#### What needs to be done
Word for word, restate the lines of the listing below from the line with "Diplôme de Sophrologue" through the line with "Detached page from", and do not include the pictures.

#### Data for this exercise
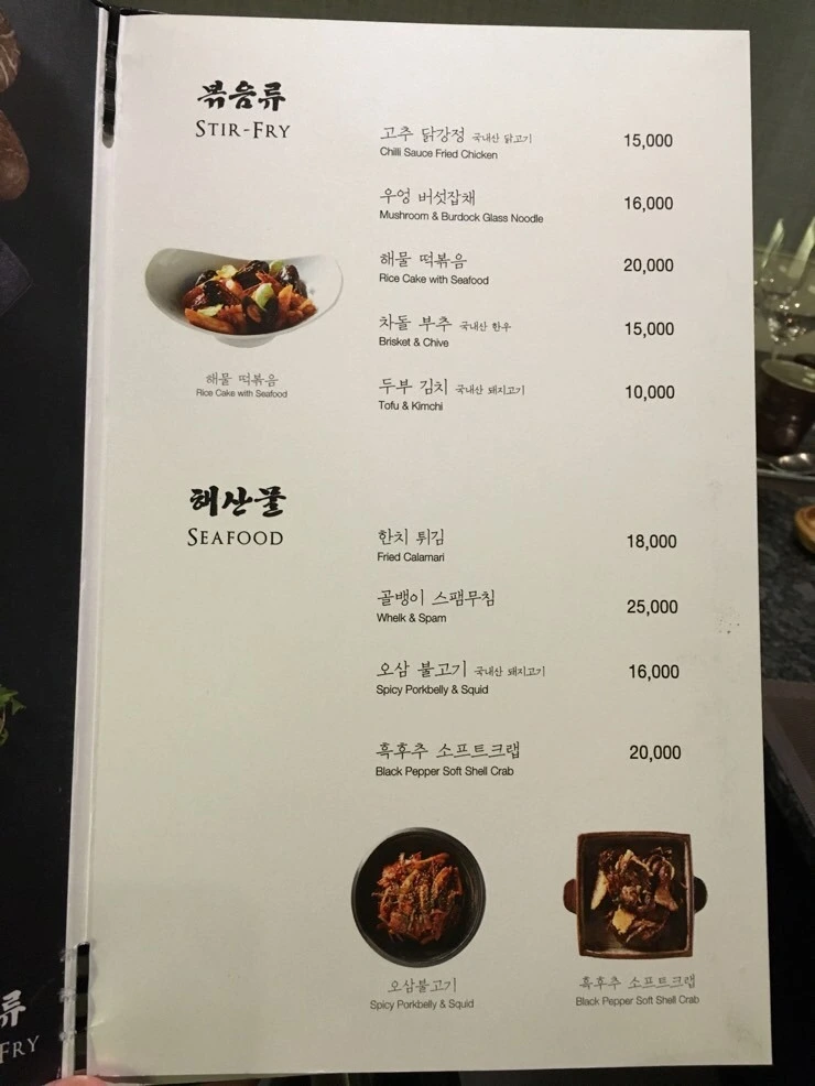 찜 & 식사류 & 볶음류 & 해산물 가격
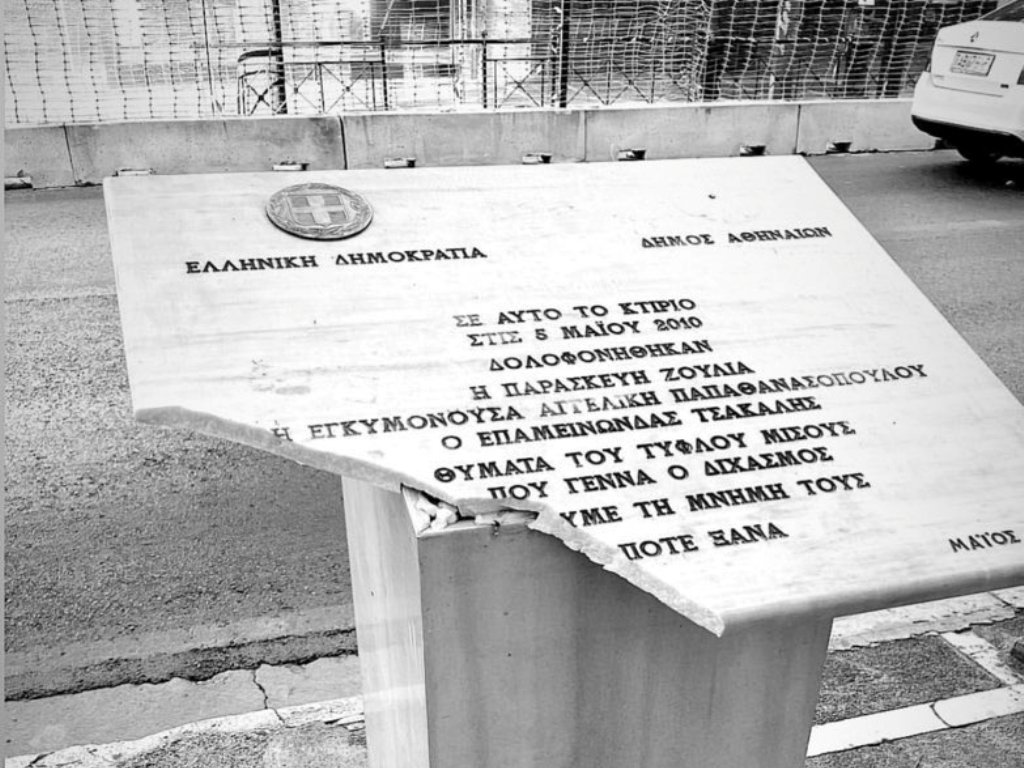 Άγνωστοι βανδάλισαν την Τρίτη τη μαρμάρινη πλακέτα η οποία είναι αφιερωμένη στα θύματα της τραγωδίας της Marfin στη Σταδίου.
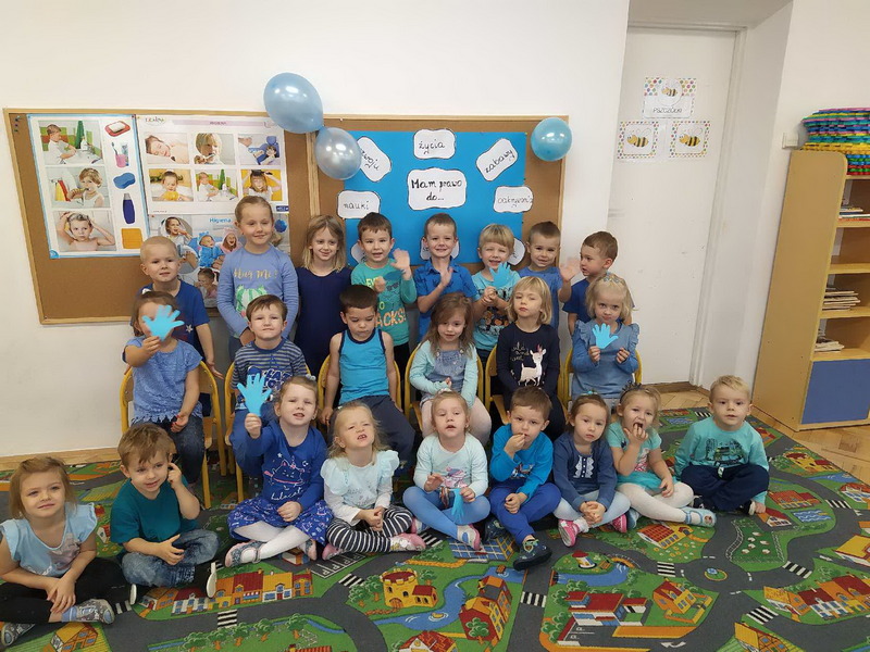 Międzynarodowy Dzień Praw Dziecka obchodzony jest 20 listopada. To dzień, w którym uwaga wszystkich kierowana jest na dzieci i ich prawa. W 2019 r. mija dokładnie 30 lat od uchwalenia przez Organizację Narodów Zjednoczonych najważniejszego dokumentu stanowiącego o prawach najmłodszych – Konwencji o Prawach Dziecka. To najważniejszy dokument dotyczący praw dzieci na świecie. Mówi o tym, że każdemu dziecku, niezależnie od koloru skóry, wyznania czy pochodzenia, przysługują takie same prawa. Przedszkolaki tego dnia przyszły do przedszkola ubrane na niebiesko, ponieważ jest to kolor UNICEF-u i w ten sposób solidaryzowały się ze wszystkimi dziećmi na świecie, również tymi, których prawa nie są przestrzegane.
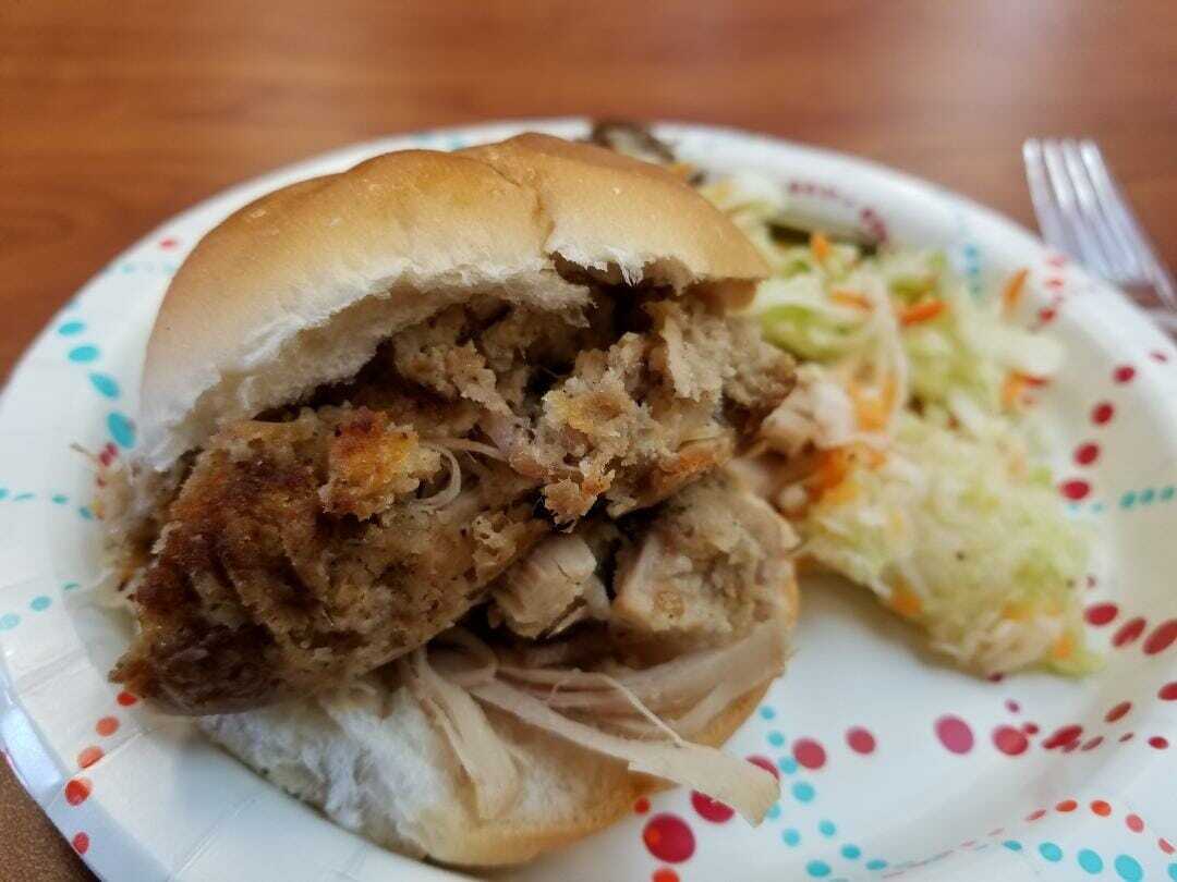 We’re talking about and dressing sandwiches—a flavorful mixture of turkey, gravy and stuffing mixed together and served in a bun. Yes, these are starch on starch with plenty of turkey mixed in for good measure. No, they aren’t hot turkey sandwiches, where gravy is poured over a sandwich stuffed with sliced turkey. These are a food all their own, and they are a cult classic around Dubuque, Iowa.
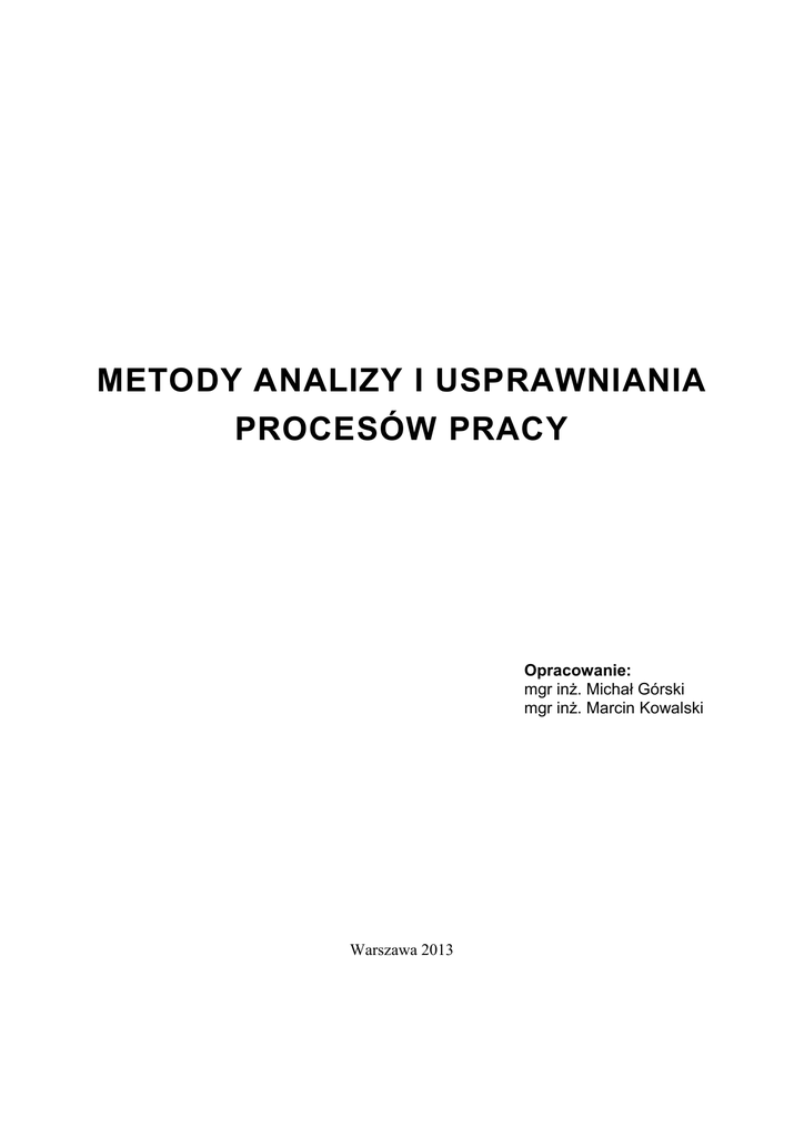 METODY ANALIZY I USPRAWNIANIA PROCESÓW PRACY Opracowanie: mgr inż. Michał Górski mgr inż. Marcin Kowalski Warszawa 2013 LITERATURA 1. Liker J. K.: Droga Toyoty. MT Biznes, Warszawa 2005 2. Muhlemann A. P., Oakland J. S., Locker K. G.: Zarządzanie. Produkcja i usługi. PWN, Warszawa 2001 3. Rother M., Shook J..: Naucz się widzieć. Lean Enterprise Institute, USA 2001 4. Rother M., Harris R.: Tworzenie ciągłego przepływu. Lean Enterprise Institute, USA 2001 5. Wilson E.., Harris R.: Doskonalenie przepływu materiałów. Lean Enterprise Institute, USA 2001 6. Womack J.P, Jones D.T: Odchudzanie firm. Eliminacja marnotrawstwa kluczem do sukcesu. Centrum Informacji Menedżera, Warszawa 2001 7. Waters D.: Zarządzanie operacyjne. PWN, Warszawa 2001 8. Bieniok H.: Metody sprawnego zarządzania. PLACET, Warszawa 1997 9. Brzeziński M.: Organizacja i sterowanie produkcją. PLACET, Warszawa 2002 10. Burchart D.: Zarządzanie produkcją I usługami. WPŚ, Gliwice 2007 11. Durlik I.: Inżynieria zarządzania cz. I. PLACET, Gdańsk 1993 1. WSTĘP – Podstawowe pojęcia • • • Produktywność - stosunek wielkości produkcji wytworzonej i sprzedanej (Wy) w rozpatrywanym okresie do ilości wykorzystanych zasobów (We) Skuteczność – Miara osiągania celów postawionych przez organizacją Wydajność – Zdolność do wytworzenia lub czynienia tego co wymaga klient 79 • 4 METODY POPRAWY PRODUKTYWNOŚCI: 1. Poprawianie wydajności – Stosujmy mniejsze nakłady, aby osiągnąć te same efekty 2. Inne metody – Lepsza Jakość, mniejsza wypadkowość (BHP),mniejsza liczba zakłóceń 3. Podnoszenie skuteczności – podejmujmy lepsze decyzje 4. Poprawa morale pracowników – Stosowanie zachęt i zwiększenie kooperacji 2. LEAN MANUFACTURING – Wstęp • 3 PODSTAWOWE ELEMENTY LEAN MANUFACTURING 1. Redukcja marnotrawstwa - Muda 2. Tworzenie wartości dla klienta - Value 3. Ciągłe doskonalenie procesów – Kaizen • 7 Kategorii MUDA (Marnotrawstwa,Strat) 1. Nadprodukcja – Produkowanie czegoś co nie jest teraz potrzebne 2. Zbędne ruchy – Układanie I po chwili przekładanie w inne miejsce, przenoszenie pudełek z wyrobami 3. Zapasy – Magazynowanie części, których nie potrzebujemy w krótkim czasie 4. Zbędny transport – Ustawić “otoczenie” tak, aby nie trzeba było chodzić 5. Oczekiwanie – Czekanie na coś co powinno być już tu I teraz (np. na zakończenie poprzedniej operacji) 6. Zbędna praca – Robienie czegoś co I tak za chwile będzie zmienione 7. Braki/przeróbki – Poprawianie lub wyrzucanie braków • Kaizen – Ciągłe doskonalenie (procesów, ergonomii, BHP) wpisane w codzienną pracę każdego pracownika. Są to drobne i tanie usprawnienia (przeciwieństwo innowacji). Podstawa działania Kazein to budowanie świadomości pracowników poprzez np. szkolenia. 80 3. METODYKA POPRAWY PRODUKTYWNOŚCI – 5 etapów KAIZEN (CIĄGŁE DOSKONALENIE SYSTEMU) 0. PRZYGOTOWANIE 0. Przygotowanie projektu 1. Planowane zyski 2. Budowanie zespołu projektowego 3. Szkolenia wstępne 1.DIAGNOZA 1. Diagnoza stanu obecnego 2.PLANOWANIE 3.WDRAŻANIE 4.KONTROLA 2. Projektowanie stanu przyszłego 3. Wdrażanie projektu 4. Kontrola, utrzymanie i ciągłe doskonalenie 13 tygodni 3 tygodnie 2.1. Analiza celów projektu 3 tygodnie Rys 1. Metodyka poprawy produktywności 4. ANALIZA I DIAGNOZA STANU OBECNEGO • 4 OBSZARY ANALIZ:ANALIZA PROCESU PRODUKCYJNEGO, ANALIZA PRODUKTU, ANALIZA OBSADY, ANALIZA KOSZTÓW 1. ANALIZA PROCESU PRODUKCYJNEGO – NARZĘDZIA 1. Obserwacja migawkowa • Obserwacja rzeczywistości (np. produkcji) w losowo wybranych momentach np. co 1,2min. • Analiza czasu pracy pod kątem czynności: Tworzących wartość, Nietworzących wartości,ale koniecznych (uboczne), Marnotrawstwa (7 kategorii strat) • Daje informacje dot. udziału czasu dodawania wartości w czasie całkowitym oraz procentowe udziały poszczególnych kategorii strat w stratach ogółem. Informacje o obszarach, o nieodpowiedniej ergonomii pracy oraz obszarach niebezpiecznych dla zdrowia. • Wykorzystane do analizy celów projektu oraz wyboru odpowiednich narzędzi Lean do redukcji strat Muda Dzialania uboczne Skladowe pracy Czynnosci dodajace wartosc Rys 2. Podział czasu pracy 81 2. Mapowanie strumieni wartości (Mapa stanu obecnego) VSM – Value Stream Mapping (Mapowanie Strumienia Wartości) Strumień wartości, jest to zespół wszystkich czynności, zarówno dodających wartość jak i nie dodających wartości, podejmowanych w procesie wytwarzania wyrobu, począwszy od surowca, a skończywszy na wyrobie gotowym CEL: „Zobaczyć” przepływ materiału oraz informacji w procesie wytwarzania wyrobu wzdłuż jego strumienia wartości. Znaleźć potencjalne usprawnienia w procesie (zarówno pod kątem wytwarzania jak i BHP oraz Ergonomii) 8 KROKÓW MAPOWANIA STANU OBECNEGO: 1. Zdefiniowanie wymagań klienta 2. Narysowanie kroków procesu produkcji 3. Zebranie danych dotyczących procesu produkcji 4. Zebranie danych dotyczących zapasów 5. Określenie przepływu materiału (Zewnętrzny) 6. Określenie przepływu materiału (Wewnętrzny) oraz przepływu informacji 7. Obliczenie tzw. Czasu Przejścia (Lead Time) 8. Zaznaczenie potencjalnych usprawnień 3. Diagram „spaghetti • Narzędzie do szczegółowej analizy marnotrawstwa wynikającego z transportu i zbędnego przemieszczania (złej ergonomii). Polega na obserwacji wybranego operatora podczas wykonywania operacji i zaznaczenie na kartce papieru wszystkich momentów, w których operator musi gdzieś się przemieszczać w celu np. pobrania, odłożenia części itp.. 4. Wskaźnik OEE: • OEE (ang. Overall Equipement Effectiveness) – Kompleksowy wskaźnik do pomiaru efektywności działania maszyn i urządzeń • Wykorzystywany do analizy „problemów” które występują na danej maszynie i reagowaniu na te problemy „w odpowiednich miejscach” i z odpowiednimi priorytetami – Uwzględnia również wypadki. • 4 pozi
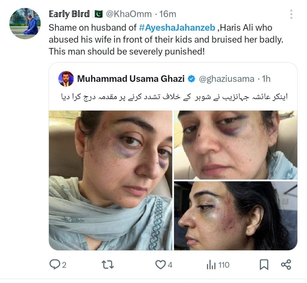 • Fans rally behind Ayesha Jehanzeb after domestic abuse incident
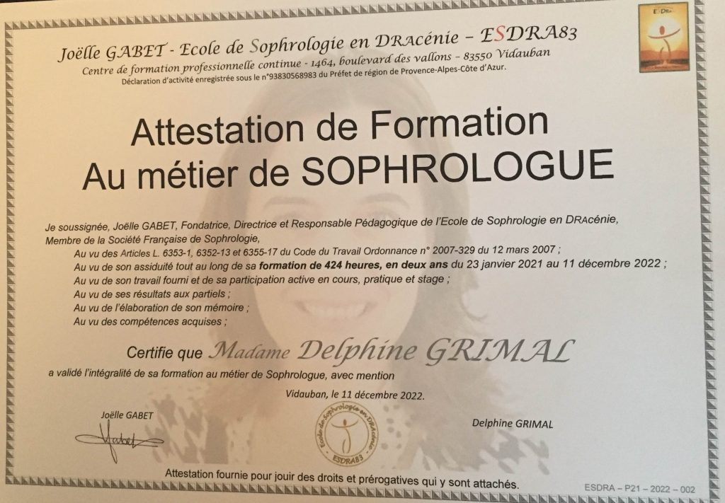 Diplôme de Sophrologue – Delphine GRIMAL – ESDRA83 – 11 décembre 2022
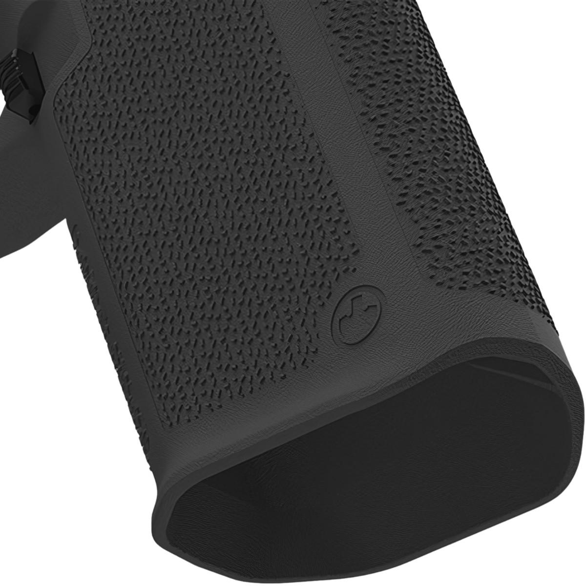 Fabryczny magwell (Lejek), wycięcie zwalniacza magazynka oraz zrzut o teksturowanej powierzchni umożliwiają szybszą i łatwiejszą wymianę magazynków.
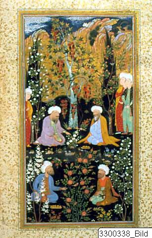 Detached page from a Shah-u-Gada manuscript. The wise men in the garden. In the background, a blue sky with chinese scroll-clouds over a golden mountin, in fron of the mountain two cypresses intertwined with almond trees and between then a platane. In front of the cypresses there are on-lookers.I In the foreground, the four wise men sit in the shape of a square discussing in a garden filled with rose, peach and almond trees, A river cuts the picture between the wise men. Is was pinted in silve, has now oxydized. Rigid paper album.
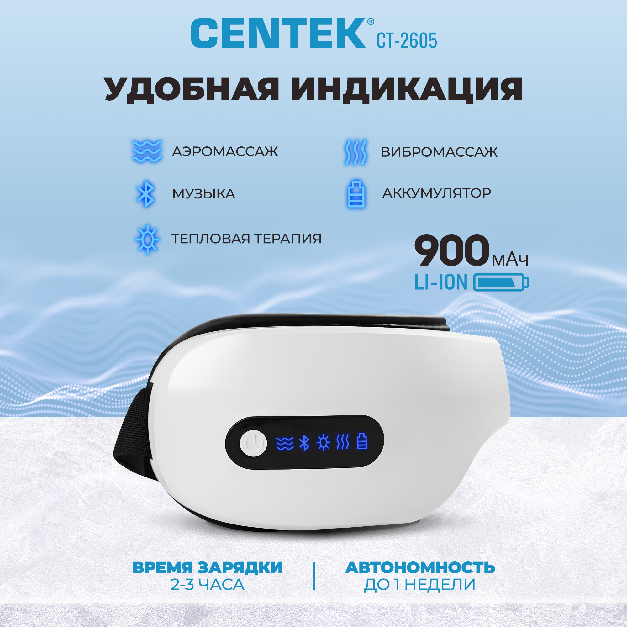 Массажер для глаз / CENTEK CT-2605 / 7 Вт / Bluetooth / Аэромассаж / Музыка
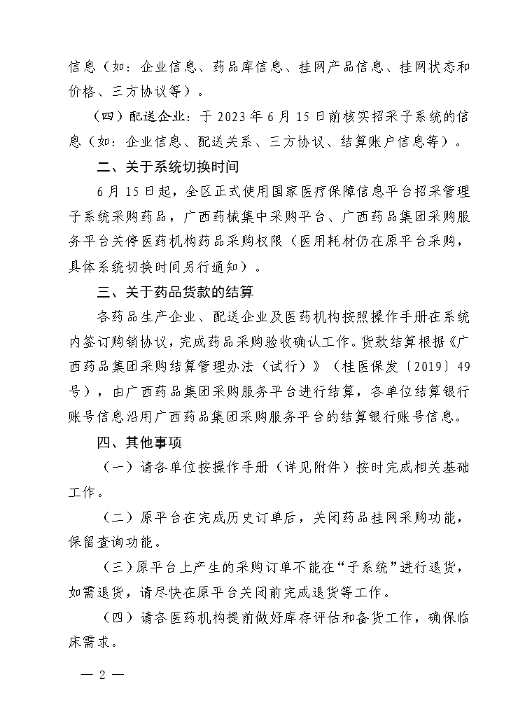 6月15日起,全区正式使用国家医疗保障信息平台招采管理子系统采购药品,广西药械集中采购平台、广西药品集团采购服务平台关停医药机构药品采购权限(医用耗材仍在原平台采购,具体系统切换时间另行通知)。
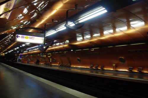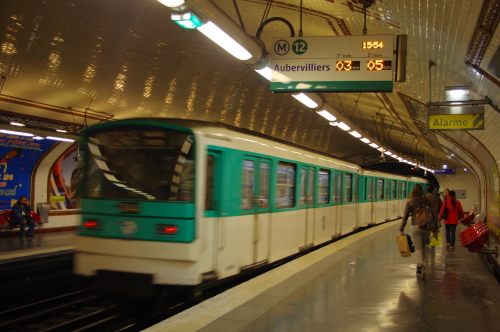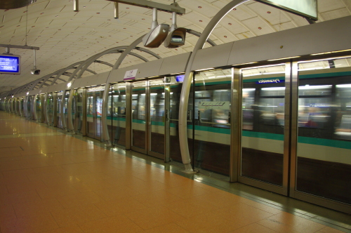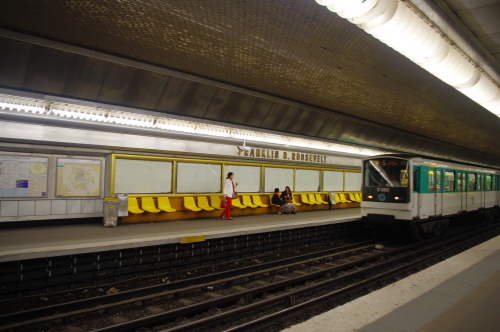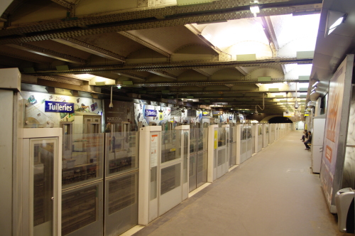 | パリ市内でメトロの中心駅・シャトレ駅ホームの雰囲気。 |
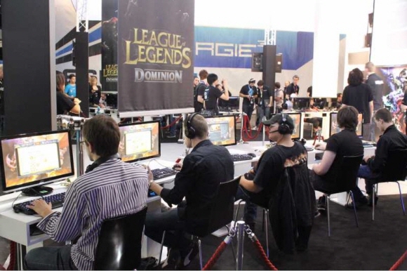 오브 레전드` 대전 시연대 광경, 많은 사람들이 게임을 즐기고 있다

#### Task output
 Diplôme de Sophrologue – Delphine GRIMAL – ESDRA83 – 11 décembre 2022
 Fabryczny magwell (Lejek), wycięcie zwalniacza magazynka oraz zrzut o teksturowanej powierzchni umożliwiają szybszą i łatwiejszą wymianę magazynków.
 Detached page from a Shah-u-Gada manuscript. The wise men in the garden. In the background, a blue sky with chinese scroll-clouds over a golden mountin, in fron of the mountain two cypresses intertwined with almond trees and between then a platane. In front of the cypresses there are on-lookers.I In the foreground, the four wise men sit in the shape of a square discussing in a garden filled with rose, peach and almond trees, A river cuts the picture between the wise men. Is was pinted in silve, has now oxydized. Rigid paper album.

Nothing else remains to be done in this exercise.